Emigrantes

Portugal cheiinho de emigrantes. A rebentar pelas costuras. A transbordar. Nas aldeias, nas vilas e nas pequenas cidades do interior os emigrantes dão nas vistas: carros que voam, dinheiro a luzir, a alegria dum abraço. Tudo ruidoso. A saudade das férias. A esperança reanimada ao calor das noivas e das mães. Alguns sonhos partidos, é certo: todo o sonho é de vidro e por isso parte-se com facilidade.

As andorinhas regressam em Março; os emigrantes, em Agosto. Ambos anunciam um reverdecer. Entram em nós. De tal maneira que, às vezes, ficamos com um remorso a ficar na alma.

As andorinhas regressam em Março; os emigrantes, em Agosto. Ambos anunciam um reverdecer.

Os emigrantes acotovelam-se connosco. O espaço é mais curto. Até nos zangamos, quando na loja falta o leite ou o pão. Apercebemo-nos, então, de que Portugal é mesmo pequenino. Mas, apesar disso, com uma das indústrias mais progressivas do mundo: a da emigração.

Pergunto: quem já pensou a sério, bem a sério, nas razões que levam uma pessoa a emigrar?

Adeus, torre do relógio
encravadinha no céu;
vou-me embora porque o tempo
que tu marcas não é o meu.

Adeus, adeus, Montalegre,
já vejo terras de Espanha:
vou ter com o meu amor
que labuta na Alemanha.

Que labuta na Alemanha,
na França, no Canadá:
procura fora da pátria
o que a pátria não lhe dá.

in Correio do Planalto (30-8-1978)

António Cabral para Eito Fora por Pedro Colaço Rosário (2001)

António Cabral [1931-2007] foi um poeta, ficcionista, cronista, ensaísta, dramaturgo, etnógrafo e divulgador da cultura popular portuguesa.

Nascido em Castedo do Douro, em pleno coração duriense, a 30 de Abril de 1931, iniciou a actividade literária com o livro de poesia Sonhos do meu anjo, publicado em 1951. Ao longo de 56 anos de carreira dedicada à escrita, publicou mais de 50 livros em nome próprio, abraçando géneros tão diversos como a poesia, o teatro, a ficção e o ensaio, dedicando-se em paralelo ao estudo apurado e divulgação das tradições populares portuguesas. As suas raízes transmontano-durienses e a ligação à terra que o viu nascer, “o Paraíso do vinho e do suor“, são presença incontornável em toda a sua obra.

Colaborou em jornais e revistas de todo o país, co-fundou as publicações Setentrião, Tellus e Nordeste Cultural, participou em programas televisivos, radiofónicos e conferências, contribuiu com textos para várias antologias, colectâneas e manuais escolares, prefaciou livros. Alguns dos seus poemas foram cantados, no período pré 25 de Abril, por Francisco Fanhais, Adriano Correia de Oliveira, Manuel Freire e, mais recentemente, interpretados pelos Xícara, Rui Spranger, Blandino e Rui David.

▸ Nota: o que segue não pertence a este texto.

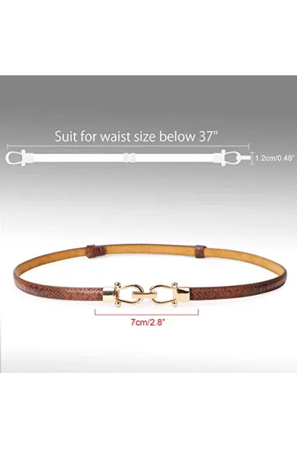 - ▶SIZE INFO--- This leather skinny belt is fully adjustable.Belt total length:97cm/38.8",perfect for waist size below 33",belt width 0.48";Buckle length: 2.8",buckle width: 0.72".(Consider about 2cm error)
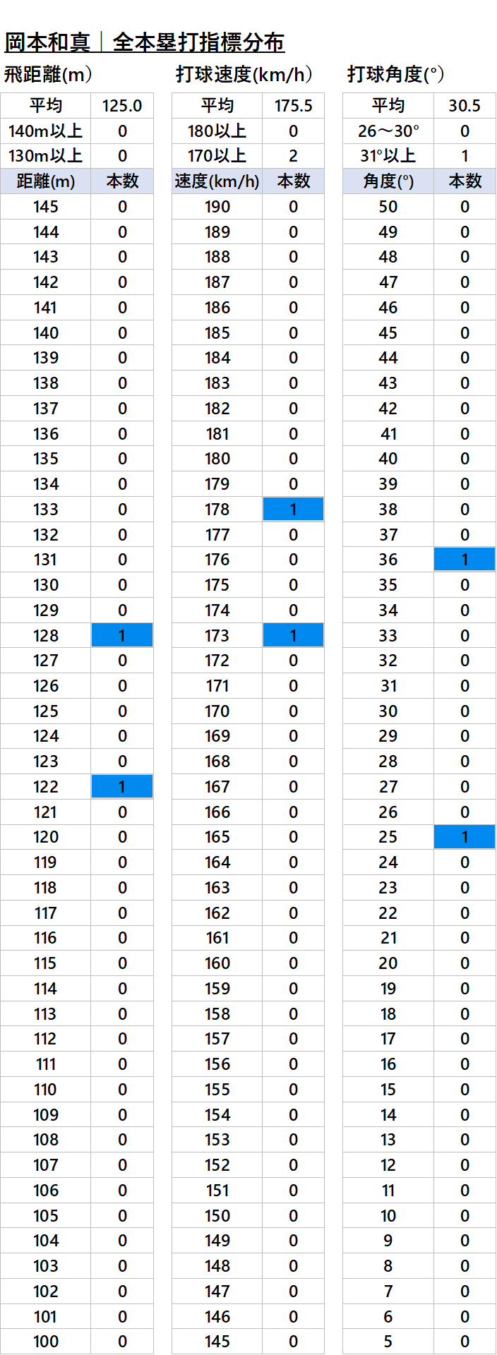 | 年度 | 本数 | 平均 飛距離 | 平均 打球速度 | 平均 角度 |

No campo da intervenção sociocultural dirigiu, a nível distrital, instituições como o F.A.O.J. (Fundo de Apoio aos Organismos Juvenis) e o I.N.A.T.E.L. (Instituto Nacional de Aproveitamento dos Tempos Livres), fundou e co-fundou o Centro Cultural Regional de Vila Real (C.C.R.V.R.) e A.N.A.S.C. (Associação Nacional dos Animadores Socioculturais), respectivamente. Como Presidente do C.C.R.V.R., promoveu cinco encontros de escritores e jornalistas de Trás-os-Montes e Alto Douro e impulsionou a realização de vários encontros de jogos populares em Portugal e no estrangeiro.

Diplomado em Teologia pelo Seminário de Santa Clara de Vila Real e Licenciado em Filosofia pela Universidade do Porto, António Cabral exerceu actividade de docente nesta cidade desde 1961 até 2007, no ensino particular, secundário e Magistério Primário, com um breve interregno entre 1988 e 1991, anos em que se dedicou à investigação de jogos populares e ludoteoria como bolseiro do Ministério da Educação.

Foi agraciado com as medalhas de prata de mérito municipal pelas autarquias de Alijó (1985) e Vila Real (1990).

António Cabral faleceu em Vila Real, vítima de doença cardíaca, a 23 de Outubro de 2007. Tinha 76 anos de idade. Nesse mesmo ano de 2007 publicou o livro de poesia O rio que perdeu as margens e deixou no prelo A tentação de Santo Antão, prémio nacional de poesia Fernão Magalhães Gonçalves.